Clearcoat, not the cheapest not the most expensive better still the weather was good and i had it in my hands.

Big mistake.


The nozel was rubbish, i tried fitting a decent nozel but of course it wasnt the right fit, had to use theirs.

Next clearcoat went on, light coat to begin, then two solid coats almost dripping wet with 15 mins in between

Two weeks passed, ive come to buff it today and , well it never got to any kind of shine and came off onto the buffer like pva glue so either

a) it was not dry enough despite two whole weeks and 600 miles on the car like a wind tunnel!
b) its terrible stuff
c) outside factor (too humid?) when applied.

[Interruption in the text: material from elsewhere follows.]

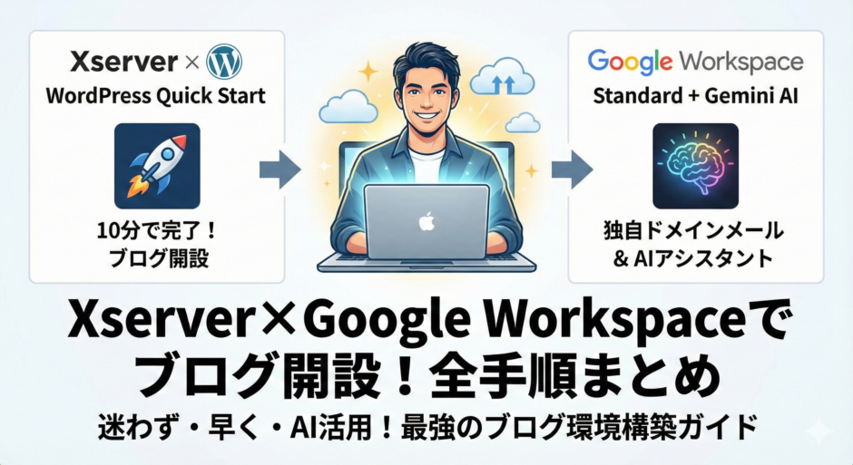 私自身、まったく同じことで悩みながら、XserverのWordPressクイックスタートとGoogle Workspace Standardを使って環境を整えました。
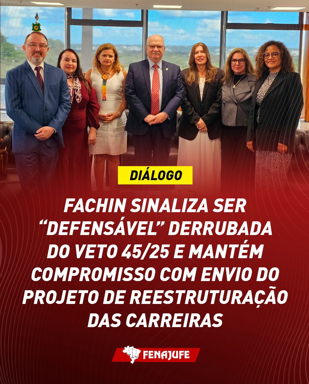 Notícias Fachin recebe Fenajufe e reforça apoio à derrubada do Veto 45 e à reestruturação das carreiras do PJU Leia mais

either way ive now got my base coat coming through asking me what the hell went wrong under patchy clearcoat (looks like failed clearcoat you see on old cars.


Whats a GOOD way to easily get this lacquer off so i can go again with something better? Of do i have to cut my lossess and start over from scratch (primer, paint, laquer)

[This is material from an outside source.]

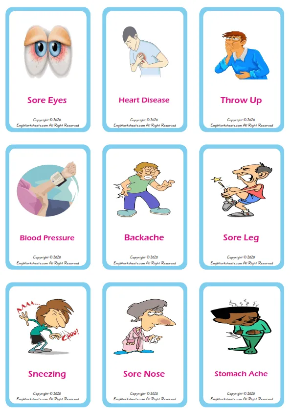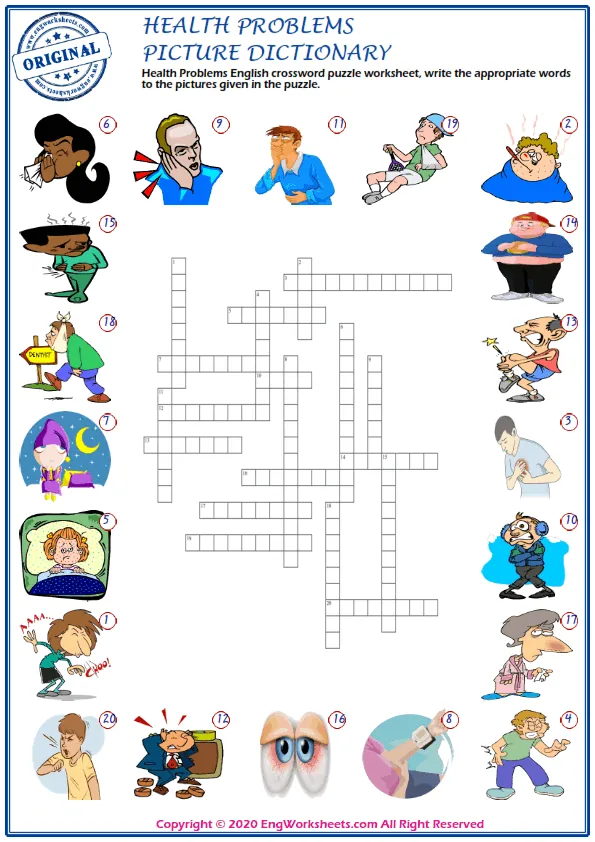 Our health problems worksheets include a variety of activities such as illustrated crossword puzzles, classroom posters in English, word search and word snake puzzles, missing word completion exercises, word matching exercises, activities for finding mixed words, ESL vocabulary learning exercises, and multiple choice English tests. With these resources, learners can practice their English language skills while learning important vocabulary related to health problems.

any recommended brands and quick drying?


----------



## steveo3002 (Jan 30, 2006)

2k cans from ebay..make sure they have the mixing button underneath


----------



## NorthantsPete (May 18, 2016)

steveo3002 said:


> 2k cans from ebay..make sure they have the mixing button underneath


THANKS! That stuff looks like the job

any idea how to remove the old stuff? keep polishing?


----------



## steveo3002 (Jan 30, 2006)

sand it it and repaint over it ...sounds like you need to dust some basecoat over where it went through

800 wet n dry should do it...be carefull and use light coats of basecoat as it may pickle up any edges


----------



## steveo3002 (Jan 30, 2006)

make sure it has the button like this...some sellers spam the listing suggesting its 2k and it not

https://www.ebay.co.uk/itm/163825959397?epid=14033519404&hash=item2624c9c1e5:g:vCwAAOSwu6tendJO


----------



## NorthantsPete (May 18, 2016)

ok so sand it off, i see.

i was opinh for some sort of nail varnish remover style stuff but if sanding is it ill do that and base coat is still good so i should be able to laquer again


----------



## steveo3002 (Jan 30, 2006)

no anything that would remove the clear will take off the basecoat

if the job is otherwise acceptable key it and clear over it


----------



## dholdi (Oct 1, 2008)

steveo3002 said:


> make sure it has the button like this...some sellers spam the listing suggesting its 2k and it not
> 
> https://www.ebay.co.uk/itm/163825959397?epid=14033519404&hash=item2624c9c1e5:g:vCwAAOSwu6tendJO


Do you have to use the whole can in one go ?


----------



## bellguy (Feb 4, 2021)

dholdi said:


> Do you have to use the whole can in one go ?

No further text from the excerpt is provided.